Understanding the types of bugs that a system faces enables software engineers and developers to find the appropriate way to fix broken code when an error arises. Examples of common errors that require debugging include:

Semantic errors

A piece of code that violates the rules of a coding language cause a semantic error. Unlike a logical error, which produces an incorrect output, a semantic error will not produce a meaningful output.

Syntax errors

This error occurs when a developer misses an element of code such as a parenthesis, comma or other typographical error. Unlike in written human languages where a sentence with a typographical error might still be understood, missing pieces of code immediately cause errors.

Logical errors

This type of bug includes syntax that is technically correct but has incorrect directions that cause an undesired output. Because the syntax is correct, these errors can be difficult to detect. When a system does not immediately crash and the exact location of the incorrect code can be time-consuming to find.

Runtime errors

These errors happen when an application is running or starting up. Runtime errors can occasionally be fixed by refreshing, restarting or reinstalling an application. Other times they can be a signal of a program that requires more memory or of another type of error such as a logical error.

Types of debugging

The process of debugging can be challenging and labor-intensive. Understanding various approaches to the debugging process can make managing the task more effective.

Backtracking

In this approach, developers work backward from the point the error was detected to find the origin of the bug. Specifically, they retrace the steps the program took with the problematic source code to see where things went wrong. Backtracking can be effective when used alongside a debugger.

Cause elimination

A hypothesis-driven debugging technique cause elimination requires the team to speculate about the causes of the error and test each possibility independently. This approach works best when the team is familiar with the code and the circumstances surrounding the bug.

Divide and conquer

When debugging large code bases, teams can divide lines of code into segments—functions, modules, class methods or other testable logical divisions—and test each one separately to locate the error. When the problem segment is identified, it can be divided further and tested until the source of the bug is identified.

Print and log debugging

The print and log debugging strategy involves adding print statements or “logs” to the code to display values of variables, call stacks, the flow of execution and other relevant information. This approach is especially useful for debugging concurrent or distributed systems where order of execution can impact the program's behavior.

Rubber duck debugging

In this approach, developers “explain or talk out” the code, line by line, to any inanimate object. The idea is that by trying to explain the code out loud, developers can better understand its logic (or lack thereof) and spot bugs more easily.

Automated debugging

Automated debugging relies on analytics, artificial intelligence (AI) and machine learning algorithms to automate one or more steps of the debugging process. AI-powered debugging tools can search through large sets of code more quickly to identify errors or narrow down sections of code that can then be more thoroughly examined by a developer.

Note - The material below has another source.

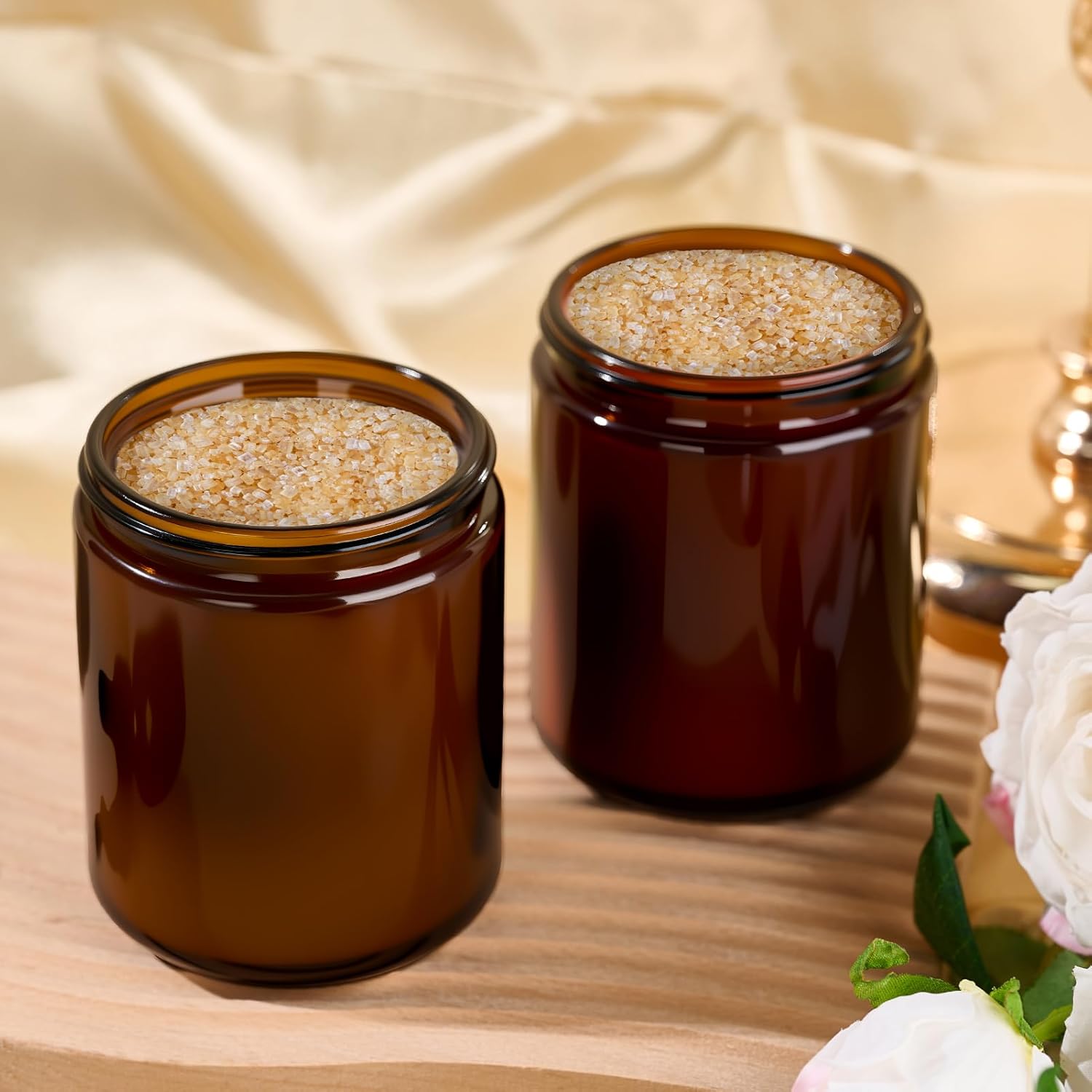 Hoa Kinh 8oz Amber Glass Jars with Lids - 2Pack Empty Airtight Storage Containers for Candle Making, Cosmetic, Spices, Crafts, Food - Refillable, UV Protection, Black Plastic Lid

Automated systems can replicate lines of code and automate tests to verify that a system is working as intended. Automation plays a large role in both continuous integration (CI) and continuous delivery (CD), two approaches that accelerate the testing and deployment of new code.

Brute force debugging

Typically deployed when other methods have failed, brute force debugging involves going through the entire codebase, line by line to identify the source of the problem. This time-consuming approach can also be useful for debugging small programs when the engineer or programmer doing the debugging isn't familiar with the codebase.

Debugging tools

Debuggers are advanced tools and APIs that optimize software development by locating coding errors in an operating system or application development process. Debuggers represent a massive and growing business. With the ever-expanding landscape of computer and mobile apps and programs, it’s no surprise that the global debugger market is projected to grow significantly by the end of the decade1.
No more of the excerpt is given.